Although statistical methods exist for estimating transition hazards when data are available (e.g., the R package `simIDM`), in simulation studies for trial planning, it is common to specify these hazard parameters based on limited information. A more intuitive way to define PFS and OS is through their medians and correlation coefficient. In this section, we describe a reparameterization strategy that maps the medians and correlation to the transition hazards.

Let $m_1$ and $m_2$ denote the medians of PFS and OS, respectively.

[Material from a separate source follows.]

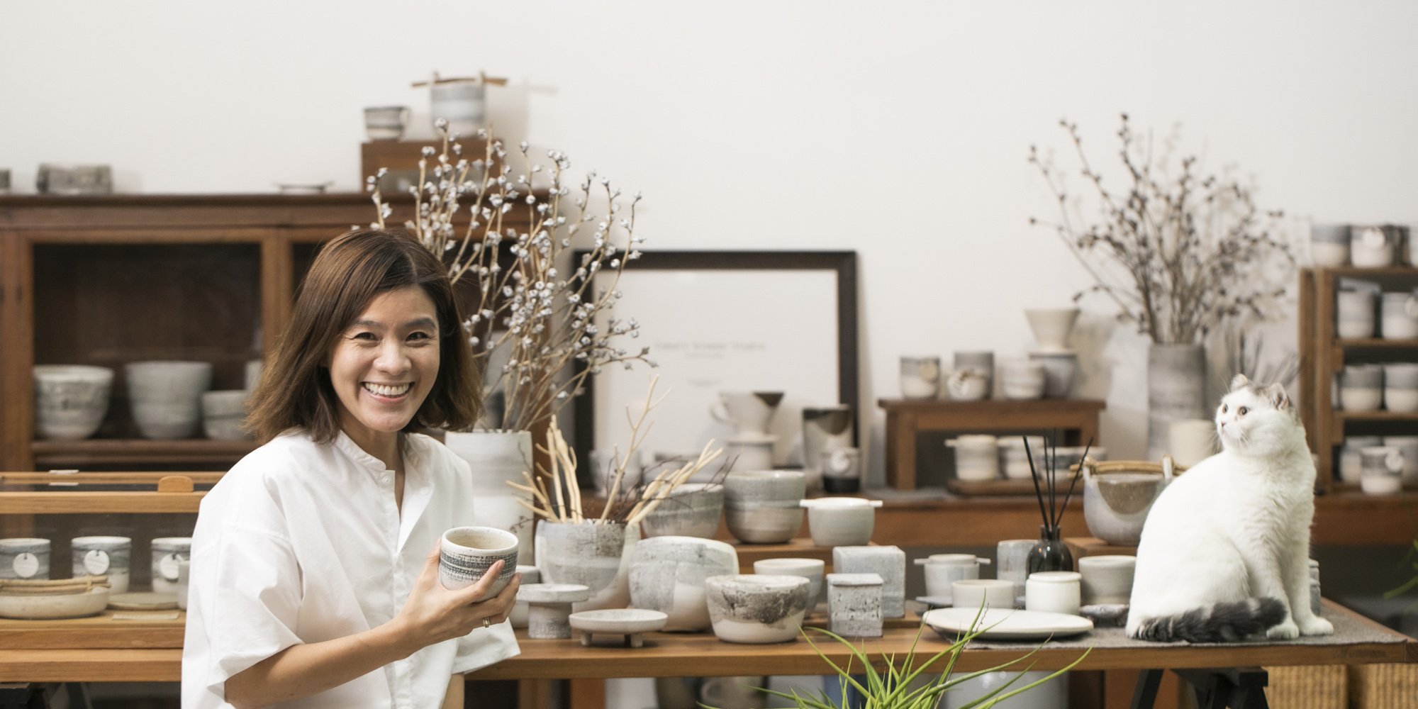“พี่ว่างานคราฟท์เติบโต คนเข้าใจมากขึ้น เซรามิกก็สามารถเสริมกันกับต้นไม้ได้ แมตซ์กันได้ เอาจริงๆ ในช่วงโควิด-19 แบบนี้ มันเยียวยาได้ดีจริงๆ ส่วนตัวพี่ชอบต้นไม้อยู่แล้ว พอเห็นฟอร์มต้นไม้ก็คิดทำชิ้นงานออกมา ต้นไม้กับกระถางเซรามิก มันไปกันได้ดี เพราะฟอร์มของต้นไม้ก็เหมือนเป็นงาน Sculpture ทั้งกิ่ง ก้าน ต้น ใบ บางทีกระถางที่มีลวดลายหรือเท็กซ์เจอร์ก็ทำให้รูปลักษณ์ต้นไม้เปลี่ยนไปเหมือนกัน เหมือนเราจับต้นไม้มาใส่ชุด แล้วพี่เองติดนิสัย stylist หน่อยๆ ชอบจับนั่นนี่ เซ็ตอัพอันนั้นอันนี้มาวางด้วยกัน ทุกอย่างเลยเป็นอย่างที่เห็น (หัวเราะ)”

Then we have


$$h_{01} + h_{02} = \frac{\log(2)}{m_1} \tag{1}$$

and

$$
\frac{1}{2} = \exp\{-(h_{01} + h_{02})m_2\} + \frac{h_{01}}{h_{12}-h_{01}-h_{02}}\exp\{-(h_{01} + h_{02})m_2\} - \exp\{-h_{12}m_2\}
$$
Through algebraic manipulation, we obtain

$$
h_{01} = \frac{(\frac{1}{2} - \exp\{-\log(2) \frac{m_2}{m_1}\}) (h_{12} - \log(2) \frac{1}{m_1})}{
      (\exp\{-\log(2) \frac{m_2}{m_1}\} - \exp\{-h_{12} m_2\})}
      \tag{2}
$$

This implies that, for given medians $m_1$ and $m_2$, we can perform a grid search over values of $h_{12}$. For each candidate value, we compute $h_{01}$ and $h_{02}$ using equations (1) and (2), respectively. Then, we simulate a large dataset using `TrialSimulator::CorrelatedPfsAndOs3()` and calculate the Pearson correlation between PFS and OS. We select the value of $h_{12}$ (and the corresponding $h_{01}, h_{02}$) that yields the desired correlation.

This reparameterization of the three-state illness-death model enables us to specify correlated PFS and OS based on their medians and correlation, which is more interpretable and practical in clinical trial design. The `TrialSimulator` package provides a dedicated function, `solveThreeStateModel`, to facilitate this process.


## Example

Suppose we aim to simulate PFS with a median of 5 and OS with a median of 12, targeting a correlation of 0.6 between them.

```{r laiela}
pars <- solveThreeStateModel(median_pfs = 5, median_os = 12, 
                             corr = seq(.55, .65, by = .05), 
                             h12 = seq(.05, .15, length.out = 50))
plot(pars)
```

The result suggests that using $h_{01} = 0.11$, $h_{02} = 0.03$, and $h_{12} = 0.10$ may achieve the desired specifications. To verify this, we simulate PFS and OS data using

```{r eiaoljf, results='asis'}
pfs_and_os <- endpoint(name = c('pfs', 'os'), 
                       type = c('tte', 'tte'), 
                       generator = CorrelatedPfsAndOs3, 
                       h01 = .11, h02 = .03, h12 = .10, 
                       pfs_name = 'pfs', os_name = 'os')
pfs_and_os
```

If you are not familiar with the `TrialSimulator` framework, you can generate PFS and OS directly by calling `CorrelatedPfsAndOs3()`:


```{r llea}
dat <- CorrelatedPfsAndOs3(n = 1e6, h01 = .11, h02 = .03, h12 = .10)
head(dat, 2)

## should be close to 0.6
with(dat, cor(pfs, os))

## should be close to 5.0
with(dat, median(pfs))

## should be close to 12.0
with(dat, median(os))
with(dat, all(pfs <= os))
```

## Further Discussion

In this vignette, we demonstrate how to derive the transition hazards from the medians of PFS and OS, along with their Pearson correlation coefficient. It is important to note that the correlation is computed based on data simulated from the specified hazard, and therefore can be substituted by any other measure that is relevant to the simulation objective.

For instance, one may simulate trial data for two treatment arms, each defined by their own PFS and OS medians and $h_{12}$. Instead of using the correlation between simulated PFS and OS times, one could compute the correlation between the $z$-statistics from the respective treatment comparisons of PFS and OS. This alternative approach may be more appropriate in scenarios where the joint behavior of test statistics, rather than raw survival times, is of primary interest—such as in the context of multiple testing or endpoint selection.